## Required work:
In the copy you make of the entries, no picture should appear, and every word must match.

=== Section Start ===

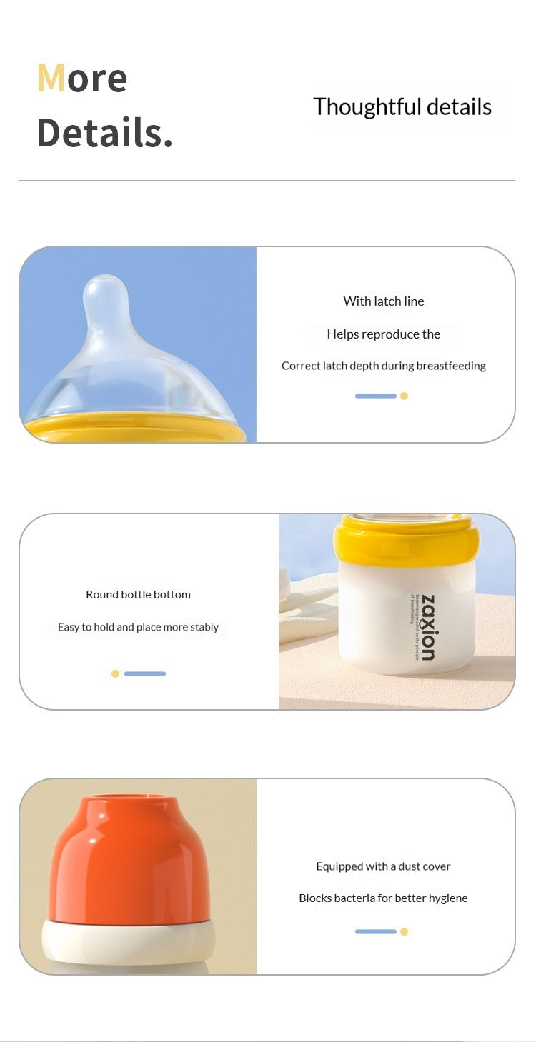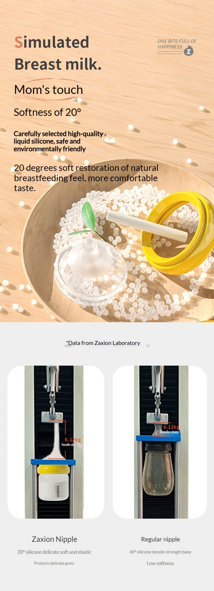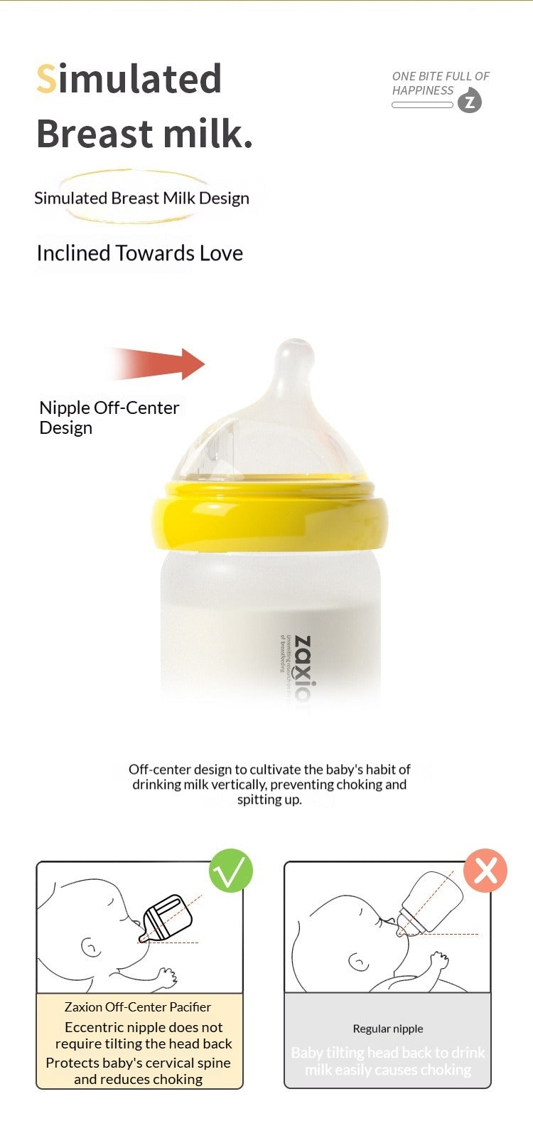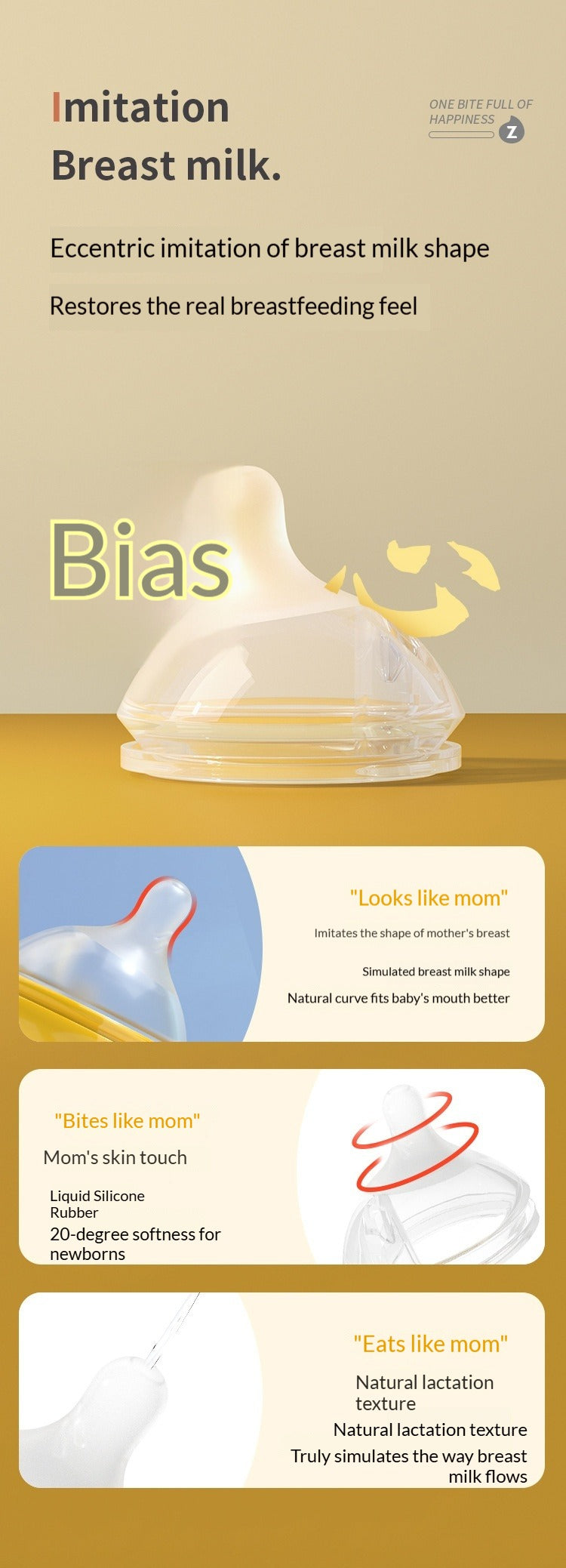 Thiết kế núm vú lệch tâm + silicon lỏng siêu mềm 20° mô phỏng việc cho con bú tự nhiên, bảo vệ cổ và giúp việc chuyển đổi dễ dàng hơn. -
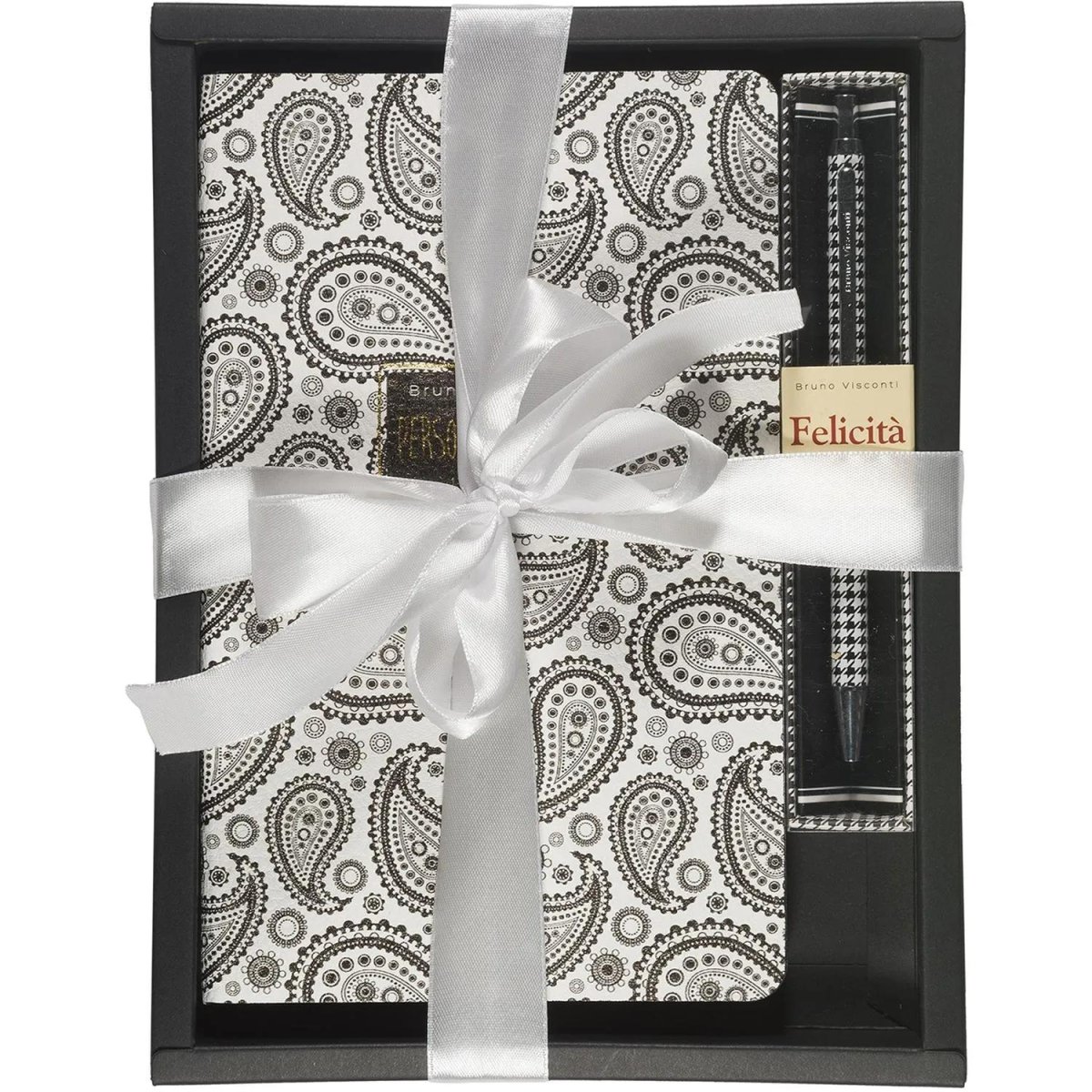 Ежедневник недатированный Bruno Visconti формата A5 предназначен для планирования рабочего времени и ведения записей. Гибкая (Flex) обложка ежедневника изготовлена из искусственной фактурной кожи. Её яркий дизайн, дополненный тиснением золотой фольгой и в сочетании с чёрным обрезом, привлекает внимание, придаёт ежедневнику особую статусность.<br><br>Внутренний блок изготовлен из бежевой бумаги плотностью 80 г/кв.м и содержит 128 листов в серую линейку. Для быстрой навигации предусмотрено ляссе в цвет обреза шириной 6 мм — легко можно найти нужную страницу.<br><br>Ежедневник «Black&White. Восточный мотив» — идеальное решение для динамичных деловых людей, которым важны мобильность, качество, комфорт, а также для креативных людей, стремящихся подчеркнуть свою индивидуальность яркими деловыми аксессуарами.
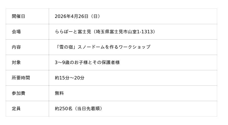 当社は昨年も「ごっこランドEXPO2025」でワークショップを開催し大変ご好評をいただきました。これを受けて2026年は、まもなく発売50周年を迎える当社の看板商品「雪の宿」をテーマとしたスノードーム制作を体験できるワークショップを年間6回開催し、第1回目を4月26日(日)にららぽーと富士見(埼玉県)で実施いたします。
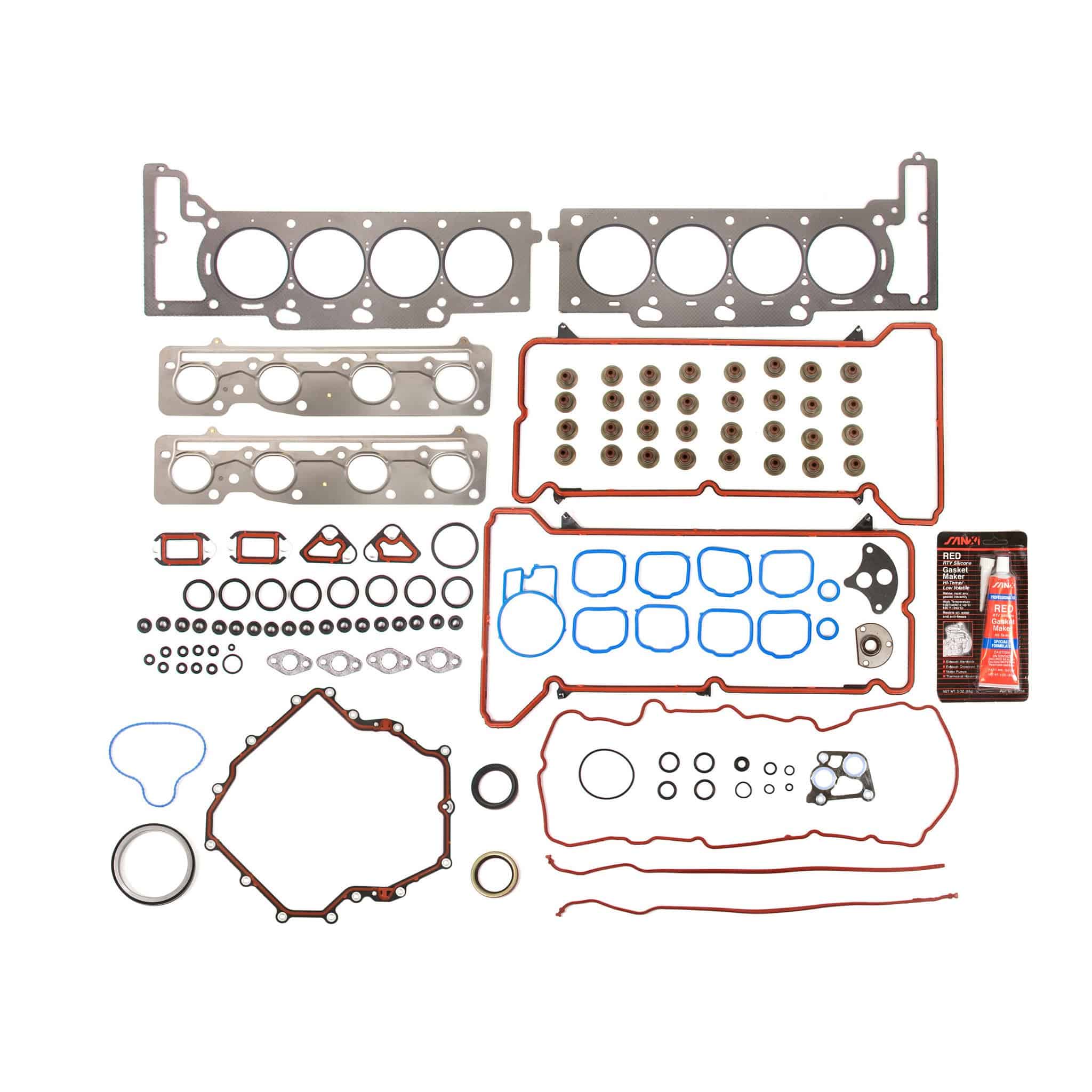 Este conjunto incluye: Junta de la Culata de Grafito, Junta de la Tapa de Válvulas, Sellos de Vástago de Válvula, Junta del Múltiple de Admisión, Junta del Múltiple de Escape, Sello del Árbol de Levas Delantero, Anillos en O, Sello del Cigüeñal Delantero, Sello Principal Trasero, Junta de la Bomba de Agua, Otras Juntas Pequeñas, Silicona RTV
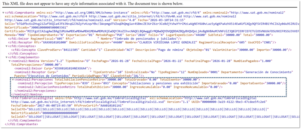 Generación del nodo XML JubilacionPensionRetiro
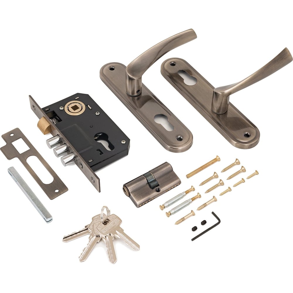 Врезной замок с ручками Аллюр 103/3-61А1203 AB старая бронза 6800

=== Section End ===

## Task answer:
 Thiết kế núm vú lệch tâm + silicon lỏng siêu mềm 20° mô phỏng việc cho con bú tự nhiên, bảo vệ cổ và giúp việc chuyển đổi dễ dàng hơn. -
 Ежедневник недатированный Bruno Visconti формата A5 предназначен для планирования рабочего времени и ведения записей. Гибкая (Flex) обложка ежедневника изготовлена из искусственной фактурной кожи. Её яркий дизайн, дополненный тиснением золотой фольгой и в сочетании с чёрным обрезом, привлекает внимание, придаёт ежедневнику особую статусность.<br><br>Внутренний блок изготовлен из бежевой бумаги плотностью 80 г/кв.м и содержит 128 листов в серую линейку. Для быстрой навигации предусмотрено ляссе в цвет обреза шириной 6 мм — легко можно найти нужную страницу.<br><br>Ежедневник «Black&White. Восточный мотив» — идеальное решение для динамичных деловых людей, которым важны мобильность, качество, комфорт, а также для креативных людей, стремящихся подчеркнуть свою индивидуальность яркими деловыми аксессуарами.
 当社は昨年も「ごっこランドEXPO2025」でワークショップを開催し大変ご好評をいただきました。これを受けて2026年は、まもなく発売50周年を迎える当社の看板商品「雪の宿」をテーマとしたスノードーム制作を体験できるワークショップを年間6回開催し、第1回目を4月26日(日)にららぽーと富士見(埼玉県)で実施いたします。
 Este conjunto incluye: Junta de la Culata de Grafito, Junta de la Tapa de Válvulas, Sellos de Vástago de Válvula, Junta del Múltiple de Admisión, Junta del Múltiple de Escape, Sello del Árbol de Levas Delantero, Anillos en O, Sello del Cigüeñal Delantero, Sello Principal Trasero, Junta de la Bomba de Agua, Otras Juntas Pequeñas, Silicona RTV
 Generación del nodo XML JubilacionPensionRetiro
 Врезной замок с ручками Аллюр 103/3-61А1203 AB старая бронза 6800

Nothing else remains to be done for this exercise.